Читаем Убийство в Амстердаме полностью

Некоторые политики, такие как Фриц Болкестейн, тогдашний лидер консерваторов, сторонников свободного рынка, поднимали этот вопрос. Рассматривал его и придерживавшийся левых взглядов социолог Паул Схеффер, автор нашумевшего эссе «Мультикультурная драма». Болкестейн предупредил о столкновении ценностей. Схеффер проанализировал опасности, связанные с наличием изолированных, обособленных иностранных общин, подрывающих социальное единство голландского общества. Обоих осудили как расистов.
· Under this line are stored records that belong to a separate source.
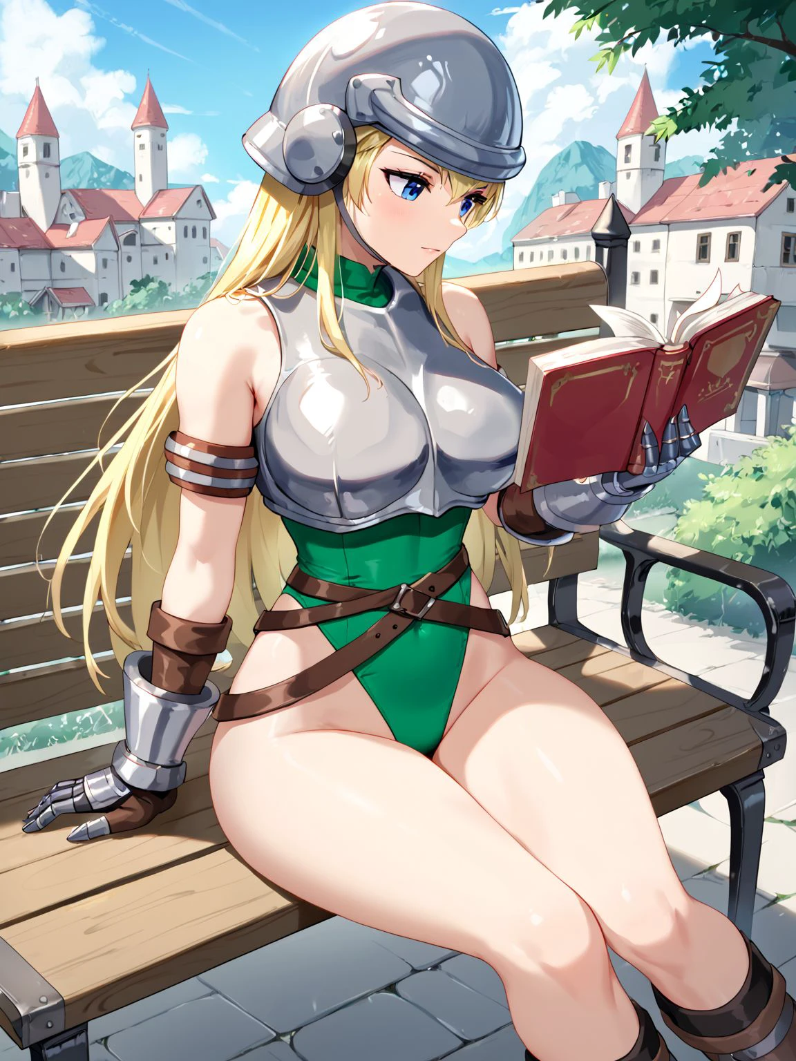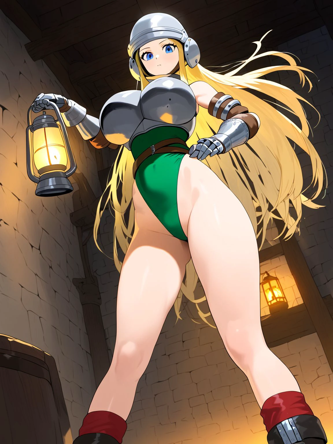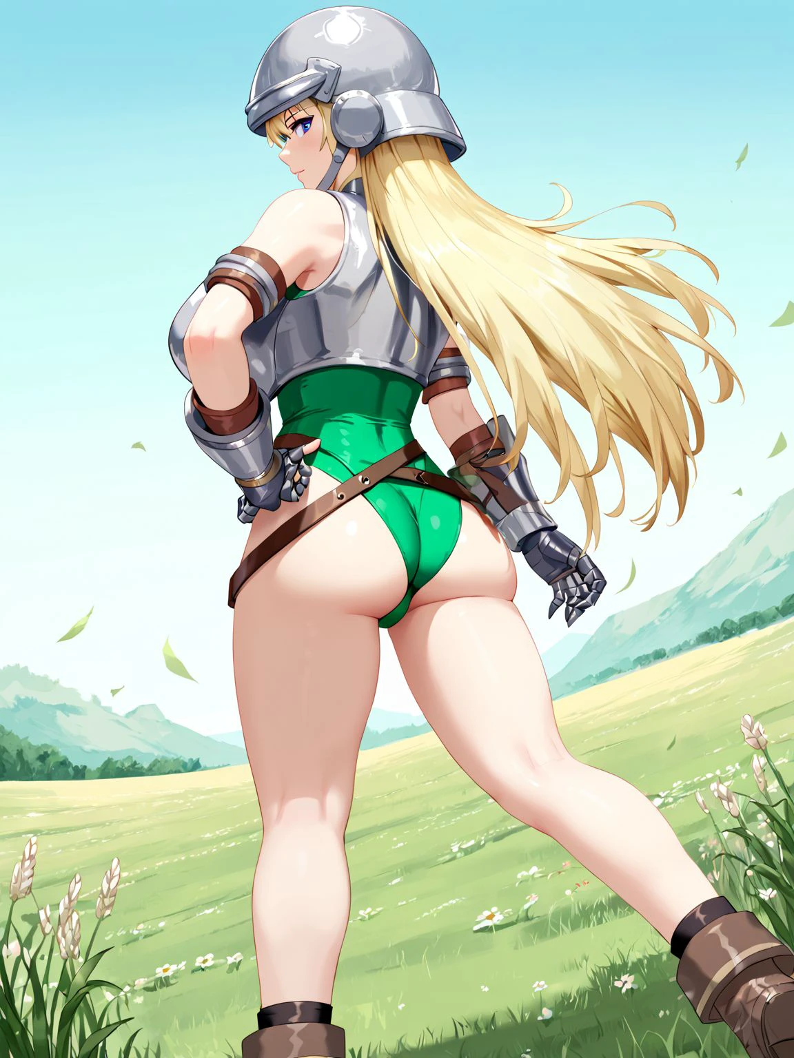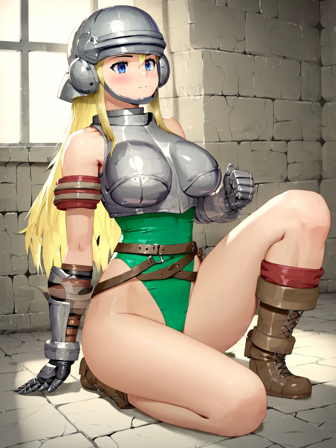long hair,blonde hair,blue eyes,helmet,armor,breastplate,gloves,gauntlets,leotard,green leotard,highleg leotard,belt,boots,sheath,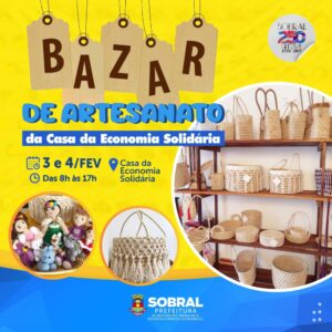 A Casa da Economia Solidária terá um bazar de artesanato, nos dias 3 e 4 de fevereiro, das 8h às 17h. Serão comercializados produtos como sousplats, bolsas, cestos, tapetes, suporte de panela, chapéus, mandalas de palha, trabalhos em crochê e bonecos de amigurumi com até 50% de desconto.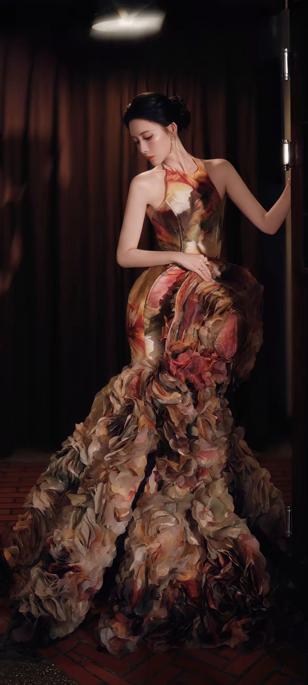 孟子义,暖光漫过复古廊间,油画感晕染的挂脖鱼尾裙勾勒出玲珑曲线,层叠花帽与立体裙摆织就法式浪漫
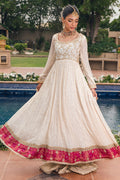 Long silhouette Kalidar in gorgeous ivory gold shade featuring old school zardozi and resham details on the bodice. The gathered flare are further adorned with sequins. The hemline is adorned with zari printed border. The outfit can be paired with gold ruffles lehenga and contrasting zari dupatta featuring a sequin border on each side.

В респектабельных кругах считать массовую иммиграцию проблемой было не только признаком дурного тона; это означало, что под сомнение ставятся европейские идеалы или расовое равенство. Общеизвестно, что двумя движущими силами Второй мировой войны были национализм и расизм. Любую попытку их возрождения следовало немедленно пресекать. Это было понятно, возможно, даже похвально. Но это не мешало многим чувствовать, что европеизм и мультикультурализм – идеалы самодовольной элиты, современных «регентов». И эти люди ждали политика достаточно приземленного, способного выразить их беспокойство и начать широкое обсуждение проблемы. Таким человеком был Пим Фортейн.

4

Выдающийся писатель и друг Тео ван Гога Макс Пам не голосовал за Пима Фортейна. Но, как и другие бывшие левые, он разочарован «моралистическим самодовольством» социал-демократического политического класса. Однажды вечером мы ужинали у него дома, на одной из тихих и зеленых улиц в южной части Амстердама. Неподалеку расположен один из самых густонаселенных иммигрантских районов города, где Мохаммед Буйери жил до дня убийства ван Гога. Он был рядом с точки зрения географического расстояния, но очень далеко в социальном плане. Пам вырос в этой части города, построенной в 1950-е годы на волне социал-демократического идеализма, с домами, доступными для молодых семей с низким и средним доходом. Теперь это один из крупнейших «тарелочных кварталов» в Амстердаме, населенный главным образом выходцами из Турции и Марокко, которых связывает с исламским миром спутниковое телевидение.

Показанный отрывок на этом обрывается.